Boari designed the National Theatre (1904), which still contains the glass curtain built by Tiffany in New York, the theatre ceiling, the proscenium arch mosaic, the group of sculptures on the outside dome, which were made by Géza Maróti in Budapest, and the four Pegasus sculptures by the Catalan sculptor Agustí Querol. The building was completed in an Art Deco style by Federico Mariscal in 1934.
The city was extended with the construction of colonias, or housing schemes, for the new middle- to upper-class inhabitants. These included single-dwelling houses or apartment blocks that in many cases copied decorative Art Nouveau elements for their façades, with undulating borders for openings and stylised plant forms, highlights of which can be found in the Colonia Romana (Chihuahua, 78) and Colonia Juárez (Bucareli, 116).

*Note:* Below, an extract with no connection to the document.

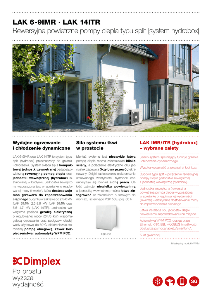 LAK 6-9IMR · LAK 14ITR Rewersyjne powietrzne pompy ciepła typu split [system hydrobox] Wydajne ogrzewanie i chłodzenie dynamiczne Siła systemu tkwi w prostocie LAK IMR/ITR [hydrobox] – wybrane zalety LAK 6-9IMR oraz LAK 14ITR to system typu split (hydrobox) przeznaczony do grzania i chłodzenia. System składa się z kompaktowej jednostki zewnętrznej będącej powietrzną rewersyjną pompą ciepła oraz jednostki wewnętrznej (hydrobox) instalowanej w budynku. Jednostka zewnętrzna wyposażona jest w sprężarkę o regulowanej mocy (inwerter), która dostosowuje moc grzewcza do zapotrzebowania cieplnego budynku w zakresie od 2,5-6 kW (LAK 6IMR), 2,5-8,9 kW (LAK 9IMR) oraz 5,5-14,7 kW (LAK 14ITR). Jednostka wewnętrzna posiada grzałkę elektryczną o regulowanej mocy (2/4/6 kW) wspomagającą ogrzewanie oraz podgrzew ciepłej wody użytkowej do 60°C, elektronicznie sterowaną pompę obiegową, zawór bezpieczeństwa i automatykę WPM PC2. Montaż systemu jest niezwykle łatwy, pompę ciepła można zainstalować blisko ściany, a połączenie elektryczne obu jednostek zapewnia 3-żyłowy przewód ekranowany. Dzięki zastosowaniu elektronicznie sterowanego wentylatora, hydrobox charakteryzuje się również cichą pracą. Całość zajmuje niewielką powierzchnię, a jednostkę wewnętrzną można łatwo zintegrować ze zbiornikiem buforowym do montażu ściennego PSP 50E (poj. 50 l). Jeden system spełniający funkcję grzania i chłodzenia dynamicznego. Wysoka wydajność grzewcza i chłodnicza. Budowa typu split – połączenie rewersyjnej pompy ciepła (jednostka zewnętrzna) z jednostką wewnętrzną (hydrobox). Jednostka zewnętrzna (rewersyjna powietrzna pompa ciepła) wyposażona w sprężarkę o regulowanej wydajności (inwerter) – elastycznie dostosowanie mocy do zapotrzebowania cieplnego. Łatwa instalacja obu jednostek dzięki niewielkiemu zapotrzebowaniu na miejsce. Automatyka WPM PC2: dostęp przez Ethernet, KNX, EIB, MODBUS i możliwość obsługi za pomocą tabletu/smartfonu*. PSP 50E 5 lat gwarancji. * Niezbędny moduł NWPM Po prostu wyższa wydajność SG LAK 6-9IMR · LAK 14ITR – dane techniczne Made in Germany Simply More Quality COP 3,6 wydajność do1) COP 3,6 wydajność do1) LAK 14ITR LAK 6-9IMR Model LAK 6IMR LAK 9IMR LAK 14ITR Efektywność / klasa efektywności energetycznej (temp. zasil. 35°C) 150% 165% 153% Efektywność / klasa efektywności energetycznej (temp. zasil. 55°C) 110% 112% 110% Kolor obudowy biały biały biały Maks. temperatura zasilania 55°C 55°C 55°C Dolna / górna granica zastosowania źródła ciepła (ogrzewanie) – 20 / + 30 °C – 20 / + 30 °C – 20 / + 30 °C Dolna / górna granica zastosowania źródła ciepła (chłodzenie) +10 / +43°C Moc grzewcza / COP przy A-7/W35 4,2 kW/2,8 · 4,2 kW/2,8 2) +10 / +43°C 3) 6,7 kW/2,8 · 6,7 kW/2,8 2) +10 / +43°C 3) 13,9 kW/2,9 2) · 13,9 kW/2,9 3) Moc grzewcza / COP przy A2/W35 1) 4,8 kW/3,4 2) · 4,8 kW/3,4 3) 5,3 kW/3,6 2) · 6,2 kW/3,2 3) 10,5 kW/3,6 2) · 11,0 kW/3,2 3) Moc grzewcza / COP przy A7/W35 1) 5,6 kW/4,8 2) · 5,6 kW/4,8 3) 5,6 kW/4,8 2) · 9,0 kW/4,3 3) 10,6 kW/4,1 2) · 14,7 kW/4,3 3) Moc chłodzenia / EER przy A27/W7 1) 6,5 kW/3,3 3) 6,5 kW/3,3 3) 12,9 kW/3,0 3) Poziom mocy akustycznej wg EN 12102 część zewn. / wewn. 63 / 42 dB (A) 63 / 42 dB (A) 67 / 42 dB (A) Poziom ciśnienia akustycznego w odl. 1 m część zewn. / wewn. 51 / 35 dB (A) 51 / 35 dB (A) 54 / 35 dB (A) Oznaczenie / masa czynnika chłodniczego R410A / 1,9 kg R410A / 1,9 kg R410A / 2,98 kg Maks. przepływ nośnika ciepła źródła górnego / opory hydrauliczne 1,6 m³/h / 20000 Pa 1,6 m³/h / 20000 Pa 2,4 m³/h / 30400 Pa Wymiary jednostki zewnętrznej (szer. x wys. x gł.) Wymiary jednostki wewnętrznej (szer. x wys. x gł.) 4) 950 x 834 x 330 mm 450 x 670 x 240 mm 950 x 834 x 330 mm 450 x 670 x 240 mm 950 x 1380 x 330 mm 450 x 670 x 240 mm Masa urządzenia: jednostka zewnętrzna / wewnętrzna 69 / 24 kg 69 / 24 kg 116 / 25 kg Napięcie zasilania 1/N/PE ~230 V, 50 Hz 3/N/PE ~400 V, 50 Hz 1/N/PE ~230 V, 50 Hz 3/N/PE ~400 V, 50 Hz 3/N/PE ~400 V, 50 Hz Sposób odszraniania Odwrócenie obiegu Odwrócenie obiegu Odwrócenie obiegu Króćce przyłączeniowe górnego źródła ciepła GZ 1" GZ 1" GZ 1" 4) EN 14511 Wartości dla optymalnej pracy 3) Wartości przy maksymalnej mocy grzewczej/chłodniczej 4) Należy uwzględnić dodatkowe miejsce do przyłączenia rur, obsługi i konserwacji Ze względu na wymagane kwalifikacje w zakresie chłodnictwa, uruchomienie musi być bezwzględnie przeprowadzone przez autoryzowany serwis (IN 03 WPS) 1) 2) Po prostu odwiedź naszą stronę internetową: www.dimplex.pl Glen Dimplex Polska Sp. z o.o. ul. Strzeszyńska 33, 60-479 Poznań · tel. 61 842 58 05 · fax: 61 842 58 06 [email protected] · www.dimplex.pl Projekt nr 041/01. Zastrzegamy sobie prawo do zmian i odstępstw w kolorach. 1)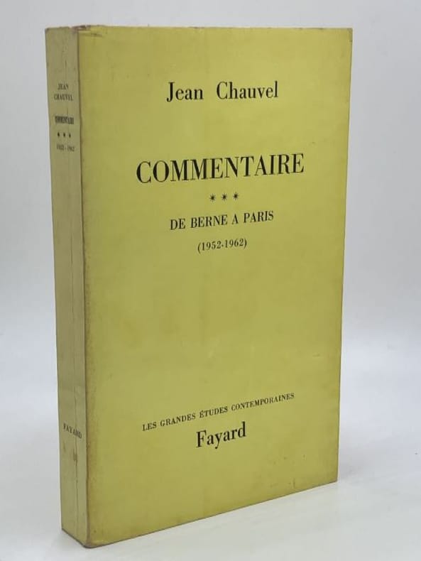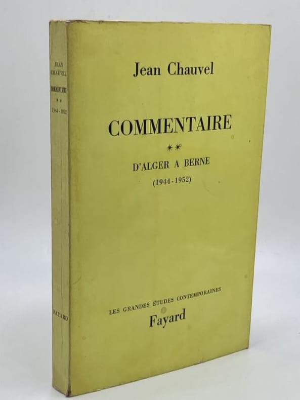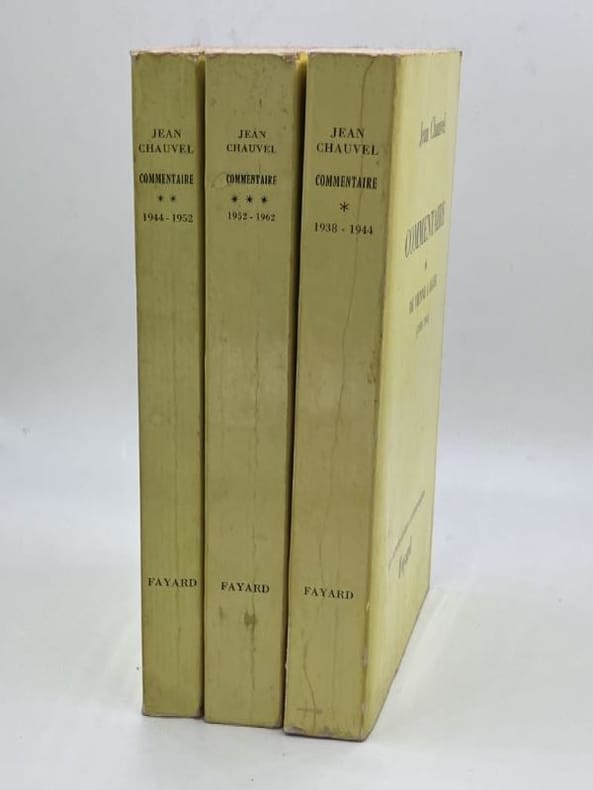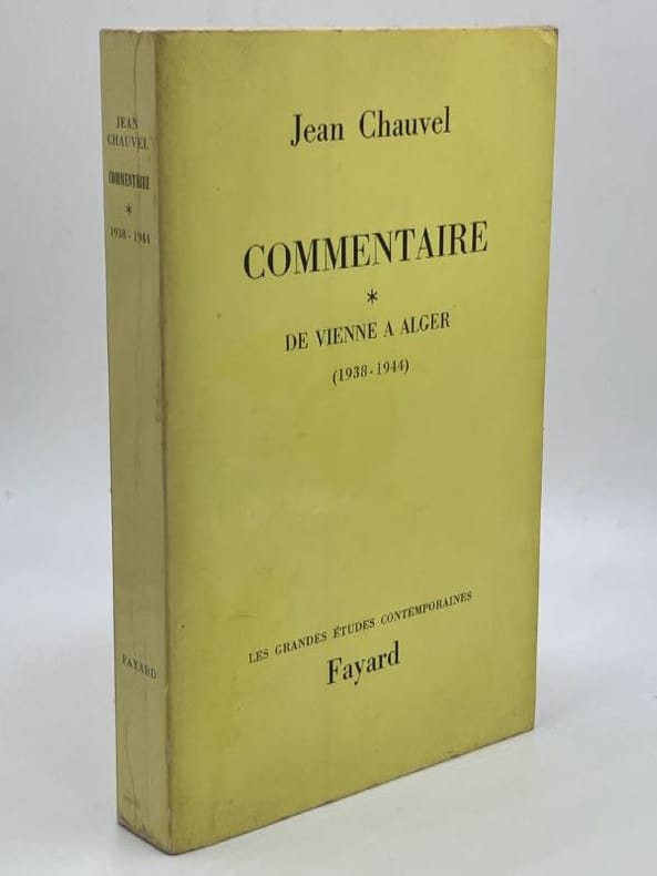 Complet en 3 volumes. — Entré dans la carrière en 1921, Jean Chauvel (1897-1979) était à Vienne lors de l'Anschluss. En novembre 1942, au moment de l'invasion de la "zone libre", Chauvel est le diplomate de plus haut rang à démissionner, emmenant avec lui tous les jeunes. Il entre alors dans la clandestinité et fonde un groupe de réflexion chargé de reconstituer les nombreuses archives détruites dans la panique de 1940. Il rejoint le gouvernement provisoire à Alger début 1944. Dans l'été, il est nommé avec un titre équivalent à celui de secrétaire général des Affaires étrangères, détenu avant guerre par Alexis Léger réfugié aux Etats-Unis. Un différend l'oppose à de Gaulle et Chauvel s'éloigne. Le départ de de Gaulle provoque son rappel avec le titre de secrétaire général (1946-1949) et la dignité d'ambassadeur de France. En 1949, il se fait désigner comme ambassadeur auprès de l'ONU qui n'a pas encore de siège fixe. Il part bientôt pour New York. Il y restera jusqu'en 1952. De là, il est envoyé à Berne en Suisse. Jean Chauvel est ambassadeur à Berne en février 1952. Il y devient en 1954 le principal négociateur français de la conférence pour finir la guerre d'Indochine tenue à Genève sous l'égide de Bidault puis de Mendès France. Son dernier poste diplomatique est Londres (1955-1962). Là, il doit affronter la crise de Suez en 1956, la signature du traité de Rome sur la Communauté européenne, le changement de régime en 1958 et bien sûr les difficultés liées à la guerre d'Algérie... — "Le premier tome de "Commentaire" de l'ambassadeur de France Jean Chauvel nous apporte une masse précieuse de « choses vues » sur la période qui s'étend des dernières années de l'avant-guerre à l'occupation de la zone sud par la Wehrmacht. M. Jean Chauvel était bien placé pour le faire. Qu'on en juge plutôt : nommé à Vienne à la Légation de France peu avant l'Anschluss, celui-ci y reste après l'entrée des troupes allemandes comme consul général ; il fut rappelé en France à la fin de 1938 pour se voir confier la direction d'Asie au Quai d'Orsay. II conserva ce poste jusqu'au sabordage de la flotte française à Toulon (novembre 1942) ; après quoi, il reprit sa liberté et gagna Alger où les autorités françaises devaient le charger du secrétariat général aux Affaires étrangères. Par la période qu'il recouvre, ce volume est donc très intéressant. II l'est particulièrement pour l'histoire de la « drôle de guerre » et de Vichy que l'auteur a vécue dans cet observatoire de choix qu'était « le Quai » jusqu'en juin 1940, puis sur les routes de France, de château en château pour aboutir à Bordeaux d'abord, puis finalement dans la capitale « provisoire » de Vichy, dans un hôtel requisitionné pour le ministère des Affaires étrangères..." (Claude Lévy, Revue d'histoire de la Deuxième Guerre mondiale, 1974)

The interior of the Gran Hotel de México, which is located in the old Centro Mercantil (1896-1897) building, by Garza i Gonzalo Garita, retains beautiful examples of the decorative arts, such as the ceiling of its main hall, skylight designed by Jaques Gruber, who was a member of the Ecole de Nancy (1908), or the forged iron and glass elevator. Conceived as a shopping centre with shops and offices, the building was constructed according to the Chicago structural system, involving a metallic grill upon which the steel structure is built.
The Chopo Museum in the city is also a good example of iron architecture. The building was constructed in the German city of Oberhausen for the Düsseldorf Industrial Art Exhibition in 1902. It was bought by the Compañia Mexicana de Exposiciones Permanente and rebuilt by the Colonia de Santa Maria la Ribera under the direction of the engineers Bachmeister, Ruelas and Dömer.
For a full picture of the spirit of Art Nouveau in Mexico, one must not forget the original furnishings of the Casa Requena, currently displayed in the Quinta Gameros Museum in Chihuahua. The furniture was designed by the lawyer José Luís Requena, aided by the Catalan artist Ramon P. Cantó, to furnish his home at Vera Cruz 43, which now no longer exists.